Task objective ▸
Starting at the line holding "Marive from the" and finishing at the line holding "Crescent Brown Wicker", transcribe the material exactly, keeping both ends but no pictures.

Data under study ▸
BEGIN

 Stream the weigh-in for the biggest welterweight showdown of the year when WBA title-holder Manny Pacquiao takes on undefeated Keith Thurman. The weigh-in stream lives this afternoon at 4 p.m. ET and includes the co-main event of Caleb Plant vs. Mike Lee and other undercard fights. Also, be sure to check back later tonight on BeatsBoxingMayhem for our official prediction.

END
BEGIN

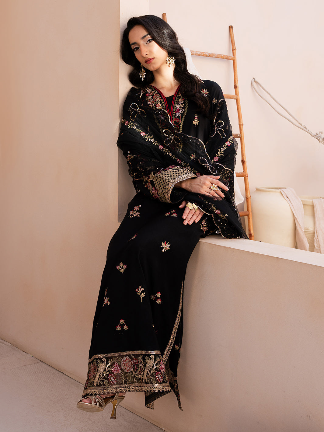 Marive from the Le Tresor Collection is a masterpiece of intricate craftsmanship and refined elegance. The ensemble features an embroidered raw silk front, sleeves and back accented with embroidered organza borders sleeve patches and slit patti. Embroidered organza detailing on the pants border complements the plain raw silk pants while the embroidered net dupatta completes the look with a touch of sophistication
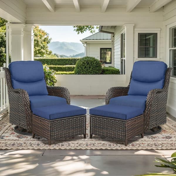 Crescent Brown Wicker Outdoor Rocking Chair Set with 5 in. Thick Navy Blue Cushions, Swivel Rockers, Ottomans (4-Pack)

END
BEGIN

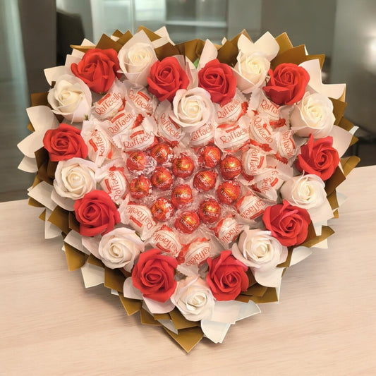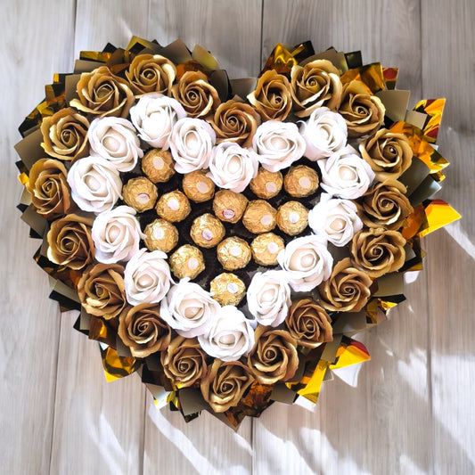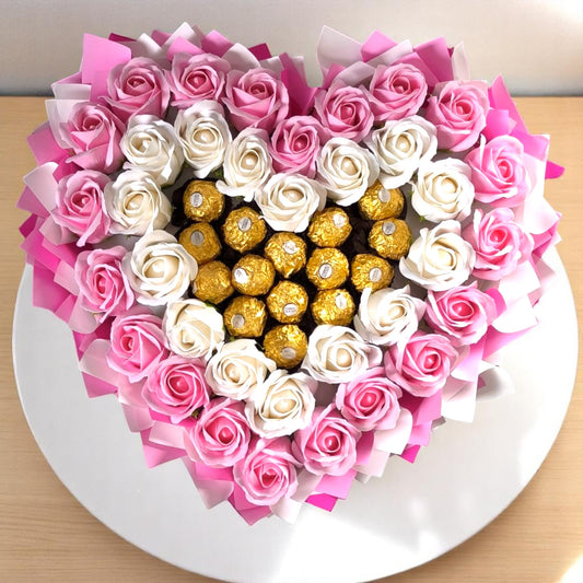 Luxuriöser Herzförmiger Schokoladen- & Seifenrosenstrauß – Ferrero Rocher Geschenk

END

Task solution ▸
 Marive from the Le Tresor Collection is a masterpiece of intricate craftsmanship and refined elegance. The ensemble features an embroidered raw silk front, sleeves and back accented with embroidered organza borders sleeve patches and slit patti. Embroidered organza detailing on the pants border complements the plain raw silk pants while the embroidered net dupatta completes the look with a touch of sophistication
 Crescent Brown Wicker Outdoor Rocking Chair Set with 5 in. Thick Navy Blue Cushions, Swivel Rockers, Ottomans (4-Pack)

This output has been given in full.